BASIC CONCEPTS

— When novelists claim they do not invent it, but hear voices and find stories in their head, they are neither joking nor crazy.

— When characters, narrators, or muses have minds of their own and occasionally take over, they are alternate personalities.

— Alternate personalities and memory gaps, but no significant distress or dysfunction, is a normal version of multiple personality.

— normal Multiple Personality Trait (MPT) (core of Multiple Identity Literary Theory), not clinical Multiple Personality Disorder (MPD)

— The normal version of multiple personality is an asset in fiction writing when some alternate personalities are storytellers.

— Multiple personality originates when imaginative children with normal brains have unassuaged trauma as victim or witness.

— Psychiatrists, whose standard mental status exam fails to ask about memory gaps, think they never see multiple personality.
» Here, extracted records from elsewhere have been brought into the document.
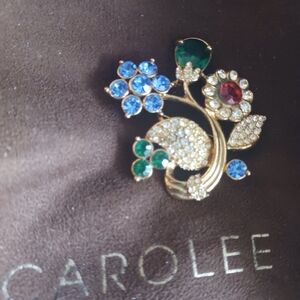 Elegant Carolee brooch featuring a stunning floral design with gold, blue, green, and red accents. Perfect for adding a touch of sophistication to any outfit.
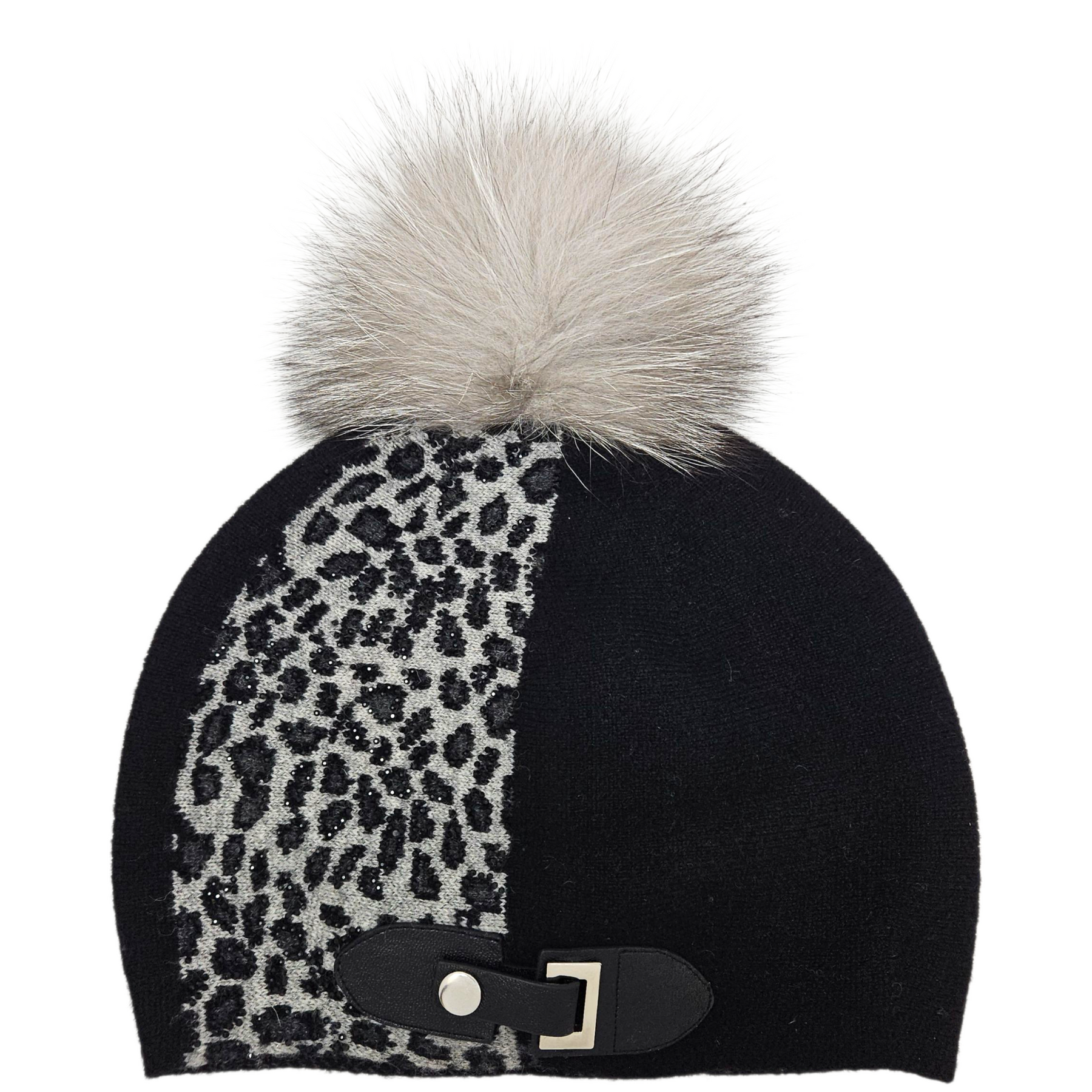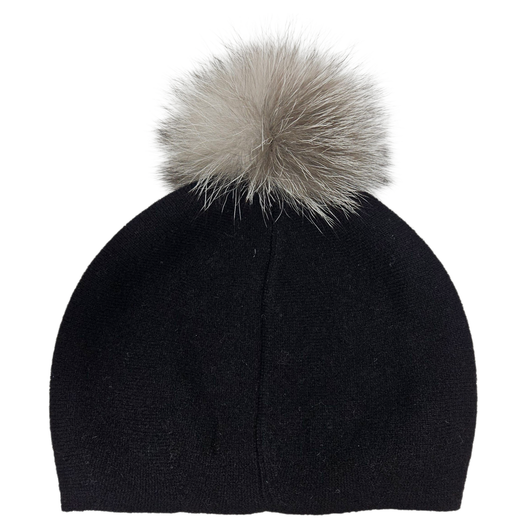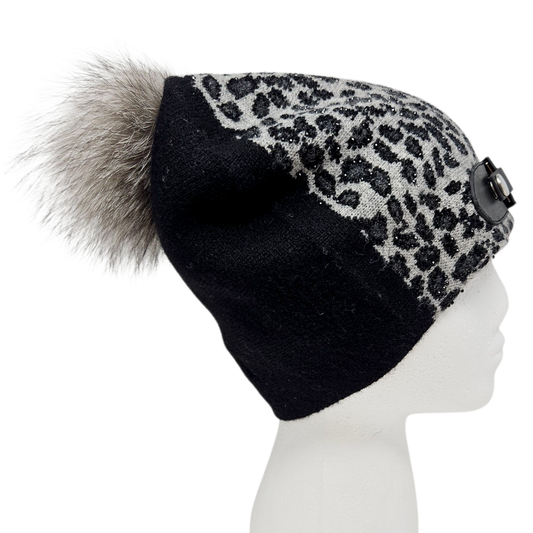Materials: Black & grey 100% wool, with fox-fur pom.
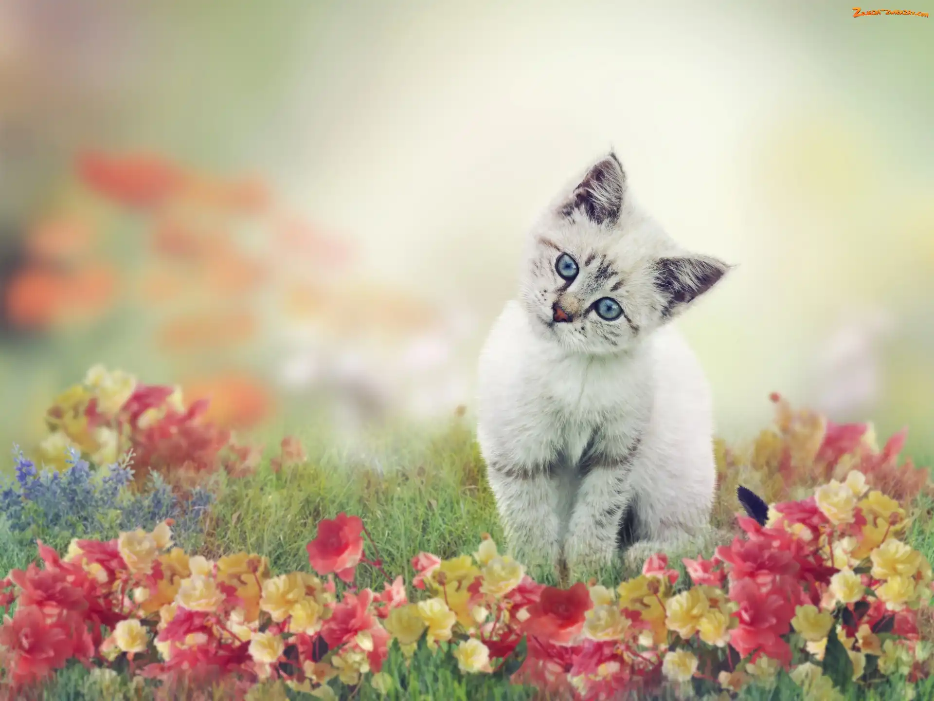 Zdjęcie: Tło, Rozmyte, Kotek, Srebrzysty, Kwiaty
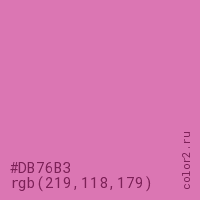 Цвет #DB76B3 в цветовой модели RGB обозначается тремя октетами (219, 118, 179) в десятичном формате и #DB76B3 в шестнадцатиричном (hex) формате, которые являются интенсивностью красного 219 (hex DB), интенсивность зелёного 118 (hex 76) и интенсивность синего 179 (hex B3).

— They need the clue of memory gaps, because alternate personalities don’t acknowledge their presence until their cover is blown.

— In novels, most multiple personality, per se, is unnoticed, unintentional, and reflects the author’s view of ordinary psychology.

— Multiple personality means one person who has more than one identity and memory bank, not psychosis or possession.

— Euphemisms for alternate personalities include parts, pseudonyms, alter egos, doubles, double consciousness, voice or voices.

— Multiple personality trait: 90% of fiction writers; possibly 30% of public.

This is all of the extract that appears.